▶ **Data shown**:
**********

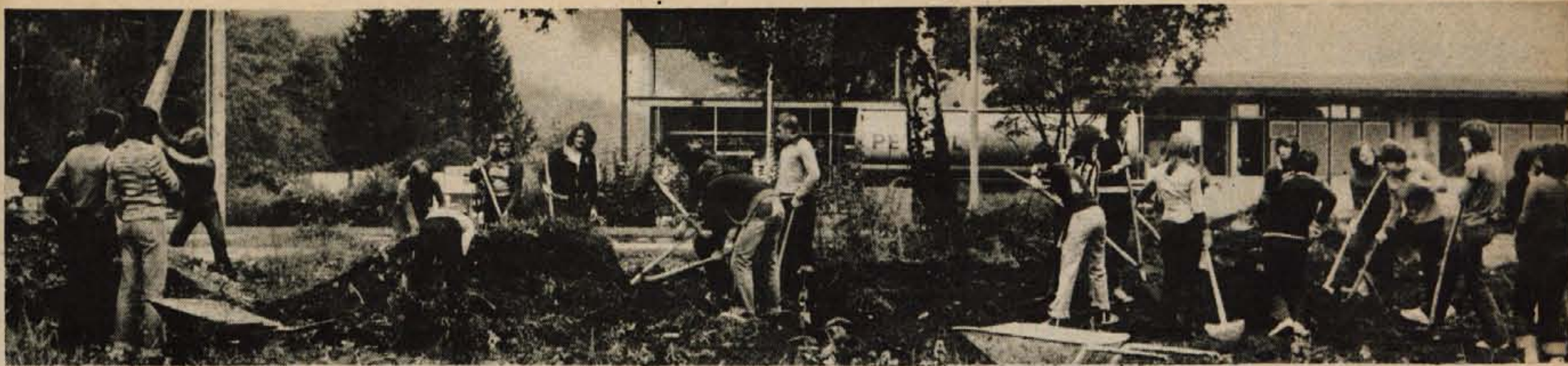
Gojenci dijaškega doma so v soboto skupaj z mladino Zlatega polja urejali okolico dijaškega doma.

**********

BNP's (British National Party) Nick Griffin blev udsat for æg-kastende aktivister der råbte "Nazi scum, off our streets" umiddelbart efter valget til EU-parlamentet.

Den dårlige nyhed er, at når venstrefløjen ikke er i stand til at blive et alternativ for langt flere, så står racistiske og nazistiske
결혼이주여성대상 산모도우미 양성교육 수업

**********

▶ **What you have to do**: Reproduce word for word the material above, starting with the line that has "Den dårlige nyhed" and stopping after the line that has "결혼이주여성대상 산모도우미 양성교육 수업".

▶ **Finished task**:
Den dårlige nyhed er, at når venstrefløjen ikke er i stand til at blive et alternativ for langt flere, så står racistiske og nazistiske
결혼이주여성대상 산모도우미 양성교육 수업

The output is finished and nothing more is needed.